## Data provided
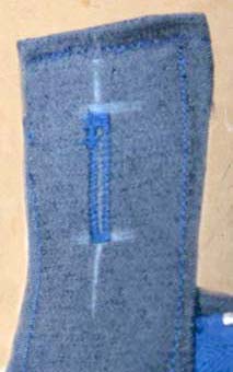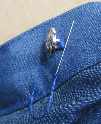 Mark out the centre line and ends of the button hole on the waistband flap using tailor's chalk, then lay down a pattern of zig-zag stitches . Cut a slot for the button along the centre line, the pattern of stitching will prevent the edges of the hole from fraying.
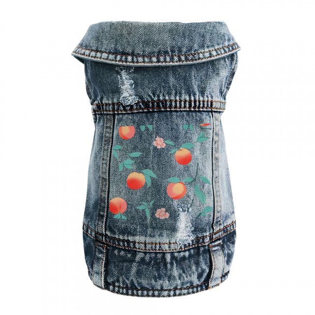 Peaches Kawaii Dog Denim Jacket is exactly what your pet needs. Soft denim cotton blend material keeps your dogs feeling light and comfortable. Button closure design, easy to put on and take off. You will realize that your pet is so fashionable when you take them out for a walk.
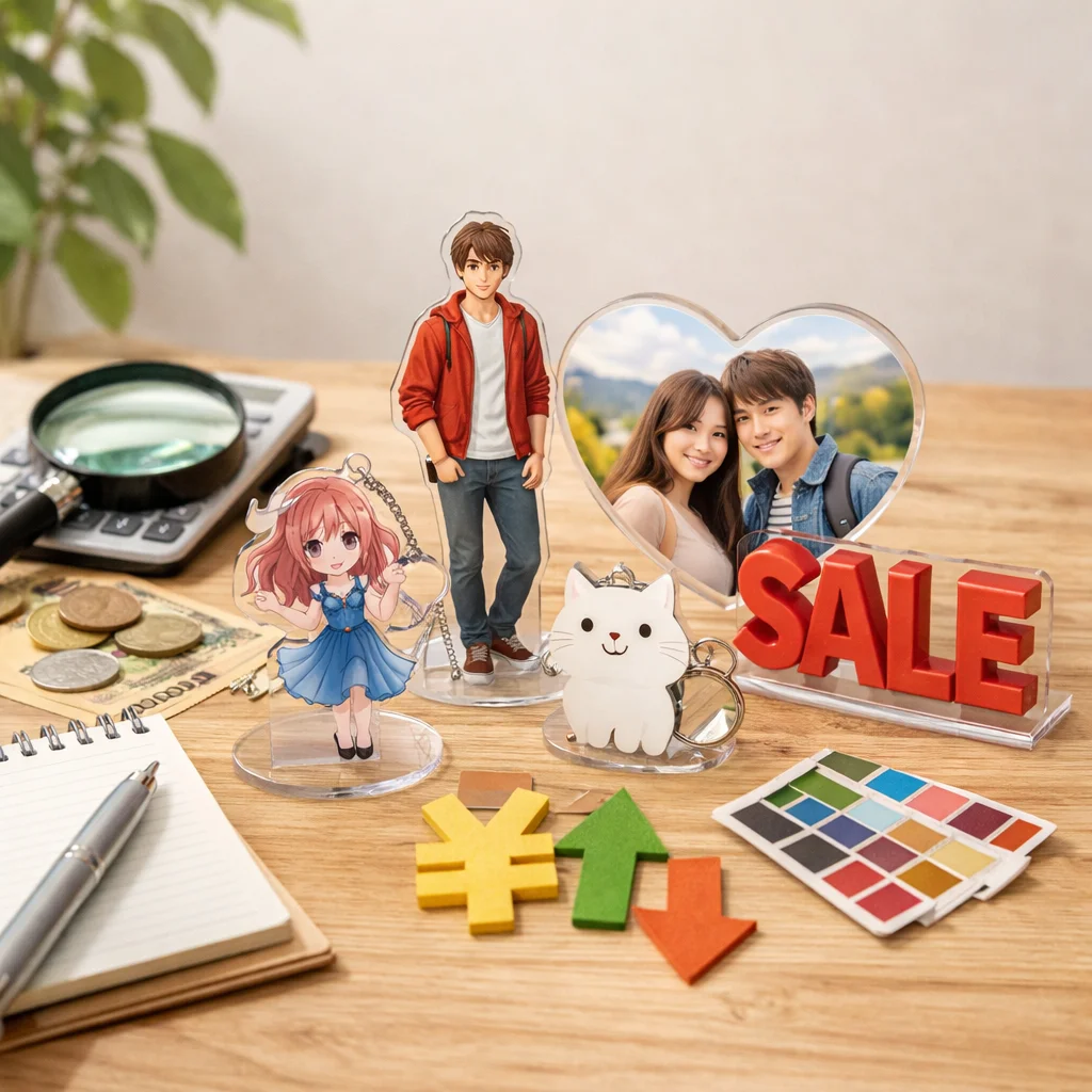 最後に、アクリルグッズの制作において注意すべき点は、正しい予算設定がその後の販売にも大きく影響するということです。特に、安い価格設定で販売したい場合でも、コストを削りすぎると製品の品質が下がり、逆に売上に悪影響を与えることがあります。良質なアクリルグッズを提供するためには、適正な予算配分が必須です。

## Problem statement
Give back the whole listing exactly, without pictures.

## Your solution
 Mark out the centre line and ends of the button hole on the waistband flap using tailor's chalk, then lay down a pattern of zig-zag stitches . Cut a slot for the button along the centre line, the pattern of stitching will prevent the edges of the hole from fraying.
 Peaches Kawaii Dog Denim Jacket is exactly what your pet needs. Soft denim cotton blend material keeps your dogs feeling light and comfortable. Button closure design, easy to put on and take off. You will realize that your pet is so fashionable when you take them out for a walk.
 最後に、アクリルグッズの制作において注意すべき点は、正しい予算設定がその後の販売にも大きく影響するということです。特に、安い価格設定で販売したい場合でも、コストを削りすぎると製品の品質が下がり、逆に売上に悪影響を与えることがあります。良質なアクリルグッズを提供するためには、適正な予算配分が必須です。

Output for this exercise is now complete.